Exercise prompt: Setting aside any pictures, reproduce the data exactly.

Material for the task:
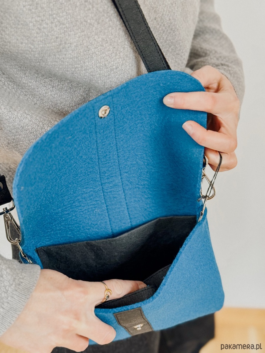Klasyczna torebka listonoszka uszyta z grubego wełnianego filcu z wewnętrzną kieszenią z washpapy.
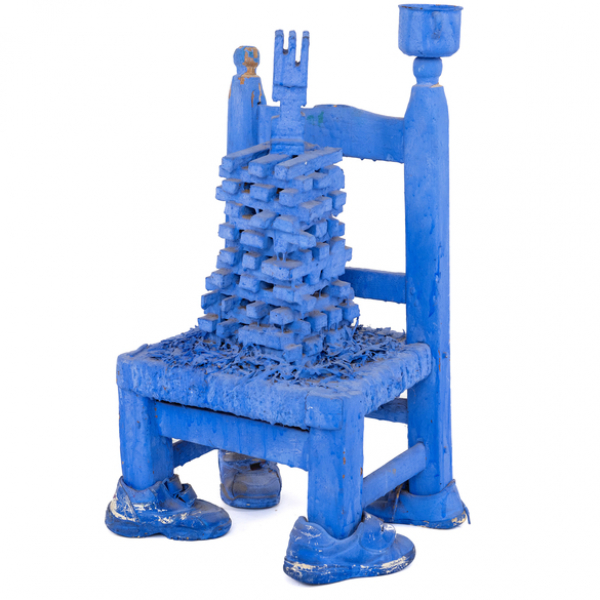 "Homenaje a Jorge Oteiza" JUAN GORRITI (Oderitz, 1942) Silla de madera policromada en azul.
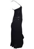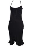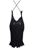 Possui frente única , decote profundo das costas e aplicações de lantejoula.
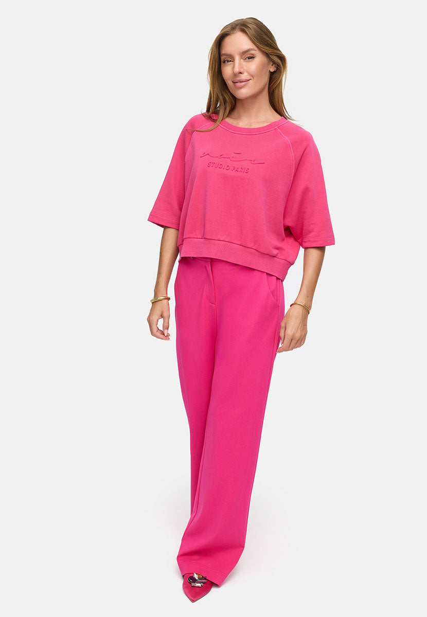 Lyhyet raglanhihat ja klassinen pyöreä pääntie tuovat sporttista ilmettä, ja hillitty kohokuvioitu logo viimeistelee modernin lookin. Yhdistä saman sävyisiin housuihin tai stailaa farkkujen kanssa.
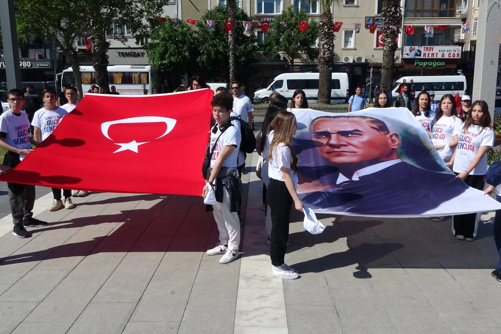 Çanakkale'de 19 Mayıs Atatürk'ü Anma, Gençlik ve Spor Bayramı'nın 106'ncı yıl dönümü etkinlikleri Cumhuriyet Meydanı'nda Gençlik ve Spor İl Müdürü Ömer Kalkan'ın Atatürk Anıtı'na çelenk bırakmasıyla başladı. Tören, saygı duruşunda bulunulması ve İstiklal Marşı'nın okunmasıyla devam etti. Günün anlam ve önemini belirten konuşmayı yapan Gençlik ve Spor İl Müdürü Ömer Kalkan, "Bugün Türkiye Cumhuriyeti'nin temellerinin atıldığı, bağımsızlık meşalesinin sönmemek üzere yakıldığı kutlu bir günün, 19 Mayıs 1919'un 106'ncı yıl dönümü münasebetiyle toplanmış bulunuyoruz. Gazi Mustafa Kemal Atatürk Samsun'a çıkarak kurtuluş mücadelesini başlattı. 1071'de Sultan Alparslan önderliğinde kazanılan Malazgirt Zaferi, Anadolu'nun kapılarını bizlere açarken bir medeniyetin başlangıçı olmuştur. Türk milletinin yalnızca Anadolu'ya değil, Balkanlar'a ve Avrupa'ya da umut ve adalet götüreceğini göstermiştir. Osman Gazi'nin hayali, Orhan Gazi'nin cesaretiyle birleşti. Türk milleti doğudan batıya doğru bir medeniyet yürüyüşüne başladı. Bu kadim millet asırlar sonra Gazi Mustafa Kemal Atatürk önderliğinde bir kez daha ayağa kalktı. 19 Mayıs 1919'da Samsun'a çıkan Atatürk, geçmişin mirasını geleceğe taşıma kararlılığıyla hareket etti. Malazgirt'le başlayan bir yürüyüş, Rumeli'de büyüyen inanç, 19 Mayıs'ta yeniden hayat buldu. 19 Mayıs 1919'da Samsun'da yakılan Milli Mücadele ateşi Türkiye Yüzyılı'nda da yolumuzu aydınlatmaya devam ediyor" dedi. Konuşmanın ardından Cumhuriyet Meydanı, İnönü Caddesi, Ziveriye Sokak ve Kayserili Ahmet Paşa Caddesi üzerinden Çağlar Kaynak basketbol sahasına kadar bayrak yürüyüşü gerçekleştirildi. Türk bayrağı ile Atatürk portresinin taşındığı yürüyüşe katılanlar, ellerindeki Türk bayrakları ile 19 Mayıs Atatürk'ü Anma, Gençlik ve Spor Bayramı'nın 106'ncı yıl dönümünü coşkuyla kutladı. Bayram, Gençlik Festivali kapsamında kordon boyunda gün boyu çeşitli etkinliklerle kutlanacak. Törene, Çanakkale Valisi Doç. Dr. Ömer Toraman, Belediye Başkanvekili Av. Bülent Şarlan, İl Emniyet Müdürü Kenan Kurt, Boğaz ve Garnizon Komutanı Tuğamiral Mustafa Biçen, daire amirleri, gaziler, siyasi parti temsilcileri, öğrenciler ve çok sayıda kişi katıldı.

Response:
Klasyczna torebka listonoszka uszyta z grubego wełnianego filcu z wewnętrzną kieszenią z washpapy.
 "Homenaje a Jorge Oteiza" JUAN GORRITI (Oderitz, 1942) Silla de madera policromada en azul.
 Possui frente única , decote profundo das costas e aplicações de lantejoula.
 Lyhyet raglanhihat ja klassinen pyöreä pääntie tuovat sporttista ilmettä, ja hillitty kohokuvioitu logo viimeistelee modernin lookin. Yhdistä saman sävyisiin housuihin tai stailaa farkkujen kanssa.
 Çanakkale'de 19 Mayıs Atatürk'ü Anma, Gençlik ve Spor Bayramı'nın 106'ncı yıl dönümü etkinlikleri Cumhuriyet Meydanı'nda Gençlik ve Spor İl Müdürü Ömer Kalkan'ın Atatürk Anıtı'na çelenk bırakmasıyla başladı. Tören, saygı duruşunda bulunulması ve İstiklal Marşı'nın okunmasıyla devam etti. Günün anlam ve önemini belirten konuşmayı yapan Gençlik ve Spor İl Müdürü Ömer Kalkan, "Bugün Türkiye Cumhuriyeti'nin temellerinin atıldığı, bağımsızlık meşalesinin sönmemek üzere yakıldığı kutlu bir günün, 19 Mayıs 1919'un 106'ncı yıl dönümü münasebetiyle toplanmış bulunuyoruz. Gazi Mustafa Kemal Atatürk Samsun'a çıkarak kurtuluş mücadelesini başlattı. 1071'de Sultan Alparslan önderliğinde kazanılan Malazgirt Zaferi, Anadolu'nun kapılarını bizlere açarken bir medeniyetin başlangıçı olmuştur. Türk milletinin yalnızca Anadolu'ya değil, Balkanlar'a ve Avrupa'ya da umut ve adalet götüreceğini göstermiştir. Osman Gazi'nin hayali, Orhan Gazi'nin cesaretiyle birleşti. Türk milleti doğudan batıya doğru bir medeniyet yürüyüşüne başladı. Bu kadim millet asırlar sonra Gazi Mustafa Kemal Atatürk önderliğinde bir kez daha ayağa kalktı. 19 Mayıs 1919'da Samsun'a çıkan Atatürk, geçmişin mirasını geleceğe taşıma kararlılığıyla hareket etti. Malazgirt'le başlayan bir yürüyüş, Rumeli'de büyüyen inanç, 19 Mayıs'ta yeniden hayat buldu. 19 Mayıs 1919'da Samsun'da yakılan Milli Mücadele ateşi Türkiye Yüzyılı'nda da yolumuzu aydınlatmaya devam ediyor" dedi. Konuşmanın ardından Cumhuriyet Meydanı, İnönü Caddesi, Ziveriye Sokak ve Kayserili Ahmet Paşa Caddesi üzerinden Çağlar Kaynak basketbol sahasına kadar bayrak yürüyüşü gerçekleştirildi. Türk bayrağı ile Atatürk portresinin taşındığı yürüyüşe katılanlar, ellerindeki Türk bayrakları ile 19 Mayıs Atatürk'ü Anma, Gençlik ve Spor Bayramı'nın 106'ncı yıl dönümünü coşkuyla kutladı. Bayram, Gençlik Festivali kapsamında kordon boyunda gün boyu çeşitli etkinliklerle kutlanacak. Törene, Çanakkale Valisi Doç. Dr. Ömer Toraman, Belediye Başkanvekili Av. Bülent Şarlan, İl Emniyet Müdürü Kenan Kurt, Boğaz ve Garnizon Komutanı Tuğamiral Mustafa Biçen, daire amirleri, gaziler, siyasi parti temsilcileri, öğrenciler ve çok sayıda kişi katıldı.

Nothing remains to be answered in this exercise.